But all of the districts have the authority to call and conduct elections, set tax rates and collect property taxes, and enact other policies that have a direct impact on Mr. Kuffner and his neighbors. All of the entities have websites, are subject to the Texas Public Information Act and the Texas Open Meetings Act, and conduct regular meetings that are open to the public. Admittedly, none of the districts are as peculiarly organized as the Woodlands RUD No. 1, as that is a political entity of a type more commonly encountered in the unincorporated territory of a county. But as Mr. Kuffner drives through the counties in and around the greater Houston area, he will cross the boundaries of hundreds of municipal utility districts, road districts, water control districts, emergency services districts, management districts, and other special law districts, all of which directly or indirectly affect the lives and welfare of his friends and colleagues.

The scope of his political “beat” has suddenly and perhaps unexpectedly become much broader.



  1. Hi, Joe.

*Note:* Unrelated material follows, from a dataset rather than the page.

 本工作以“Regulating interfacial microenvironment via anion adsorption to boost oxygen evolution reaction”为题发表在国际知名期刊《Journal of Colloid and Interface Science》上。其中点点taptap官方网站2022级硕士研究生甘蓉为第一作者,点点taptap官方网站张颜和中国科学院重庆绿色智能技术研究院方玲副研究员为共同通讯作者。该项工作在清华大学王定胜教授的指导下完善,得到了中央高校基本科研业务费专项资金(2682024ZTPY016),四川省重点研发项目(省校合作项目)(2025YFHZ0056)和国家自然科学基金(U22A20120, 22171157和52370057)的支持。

Thanks for the feedback. For the record, I was aware of all of the taxing entities you mentioned, though I confess I didn’t realize I lived in the Greater Northside Management District. I’m well acquainted with MUDs, but RUDs were new to me. Perhaps that’s an effect of living in an incorporated city. Anyway, I’m glad to find your blog and have added it to my Feedly subscriptions.

  2. I feel a bit sheepish about the whole taxing districts thing – I should have known that you knew about all these entities. I hope I didn’t come across as an abrasive know-it-all.

    One thing that I worry about is that the Woodlands RUD No. 1 story will demonize the policymakers and officers of special law districts. Special law districts are in some sense “stupid” (as legal abstractions that have to exist to promote economic growth), but that does not make them evil institutions.

    The Woodlands RUD No. 1 exists because Montgomery County can’t legally lend money to a developer. Montgomery County can’t legally lend money to a developer because the drafters of the most recent state constitution were tired of seeing government funds being ripped off by actual con artists. Personally, I blame James P. Morgan, Cornelius Vanderbilt, and all the Morgan and Vanderbilt wannabes who breezed into tiny Texas towns with promises of economic salvation after the Civil War.

    As instruments of development policy, special law districts are flawed, partly because they are so poorly understood and mysterious, and partly because they can start to develop bad management practices due to a lack of public oversight. If anyone is to blame, it’s us – the voters – for letting these things get out of hand.